Applications for the grants will be accepted soon. Contributions to the fund are already being accepted. The archdiocese has to raise $100,000 in both 2017 and 2018—funds that will then be matched by Lilly Endowment.
The fund reflects the archdiocese’s commitment to helping and keeping its talented lay leaders in parishes and schools across central and southern Indiana, according to Matt Hayes, the manager of an archdiocesan project called Empowering Pastoral Leaders for Excellence in Parish Leadership and Management.
The Ministerial Excellence Fund is part of that overall project, which is being funded by a three-year grant from Lilly Endowment.
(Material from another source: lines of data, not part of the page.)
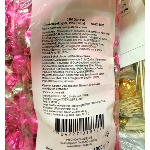 Se hele informationMælkechokoladekugler med fyld af kakaocreme, der smager af lakrids, er perfekte for dem, der elsker både chokolade og lakrids. Den bløde mælkechoko...
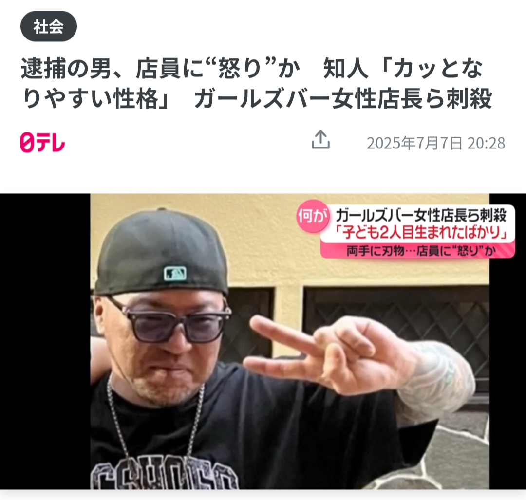 関係者によりますと、男は2人を刺した後「小馬鹿にされたからやっちゃった。ごめん」と店の関係者に話していた(略)
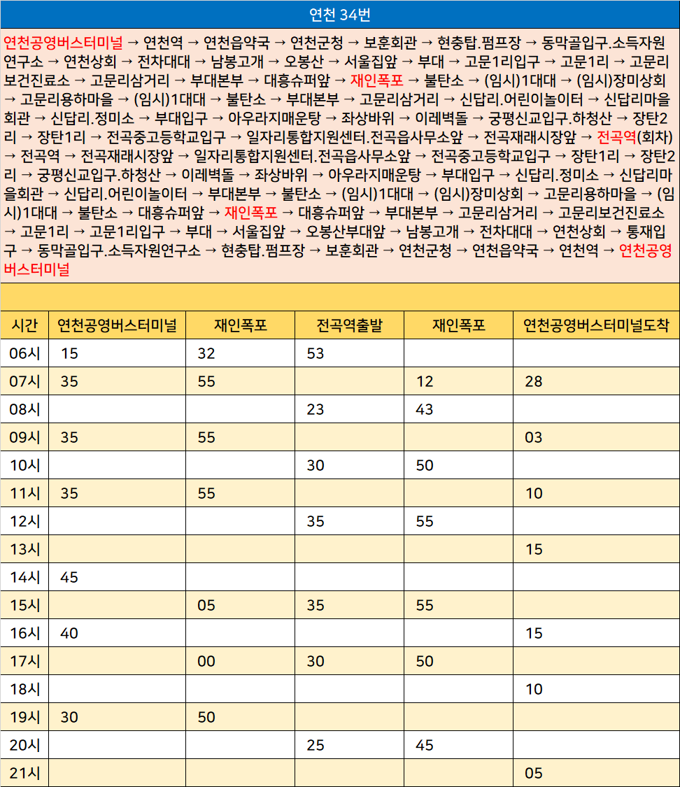 연천 34번: 연천공영버스터미널 → 연천역 → 연천읍약국 → 연천군청 → 보훈회관 → 현충탑.펌프장 → 동막골입구.소득자원연구소 → 연천상회 → 전차대대 → 남봉고개 → 오봉산 → 서울집앞 → 부대 → 고문1리입구 → 고문1리 → 고문리보건진료소 → 고문리삼거리 → 부대본부 → 대흥슈퍼앞 → 재인폭포 → 불탄소 → (임시)1대대 → (임시)장미상회 → 고문리용하마을 → (임시)1대대 → 불탄소 → 부대본부 → 고문리삼거리 → 신답리.어린이놀이터 → 신답리마을회관 → 신답리.정미소 → 부대입구 → 아우라지매운탕 → 좌상바위 → 이레벽돌 → 궁평신교입구.하청산 → 장탄2리 → 장탄1리 → 전곡중고등학교입구 → 일자리통합지원센터.전곡읍사무소앞 → 전곡재래시장앞 → 전곡역(회차) → 전곡역 → 전곡재래시장앞 → 일자리통합지원센터.전곡읍사무소앞 → 전곡중고등학교입구 → 장탄1리 → 장탄2리 → 궁평신교입구.하청산 → 이레벽돌 → 좌상바위 → 아우라지매운탕 → 부대입구 → 신답리.정미소 → 신답리마을회관 → 신답리.어린이놀이터 → 부대본부 → 불탄소 → (임시)1대대 → (임시)장미상회 → 고문리용하마을 → (임시)1대대 → 불탄소 → 대흥슈퍼앞 → 재인폭포 → 대흥슈퍼앞 → 부대본부 → 고문리삼거리 → 고문리보건진료소 → 고문1리 → 고문1리입구 → 부대 → 서울집앞 → 오봉산부대앞 → 남봉고개 → 전차대대 → 연천상회 → 통재입구 → 동막골입구.소득자원연구소 → 현충탑.펌프장 → 보훈회관 → 연천군청 → 연천읍약국 → 연천역 → 연천공영버스터미널

“There’s a recognition that pastoral leaders leave the ministry because they don’t have enough economic support,” Hayes says. “We want our pastoral leaders to stay. We don’t want an undue financial burden to cause them to leave.”
With that goal in mind, the archdiocese’s Ministerial Excellence Fund will specifically assist pastoral leaders who experience financial stress because of individual student debt or family‑related medical expenses.
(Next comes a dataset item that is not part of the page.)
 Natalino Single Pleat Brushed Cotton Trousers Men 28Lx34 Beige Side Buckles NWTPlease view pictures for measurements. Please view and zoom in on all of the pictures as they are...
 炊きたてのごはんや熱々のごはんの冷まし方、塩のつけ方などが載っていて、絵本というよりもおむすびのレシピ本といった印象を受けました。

A person receiving a grant could have a year’s worth of student debt or medical debt paid—up to $5,000.
As part of the grant, recipients will also be required to participate in financial education sessions, which are free.
“We don’t want people to just use the money to help with their debt,” Hayes says. “We also want them to think about how they’re managing their finances over the long term.”
All the money in the fund will be distributed by the end of 2018, Hayes says, but the archdiocese hopes to continue the program long term by establishing an endowment.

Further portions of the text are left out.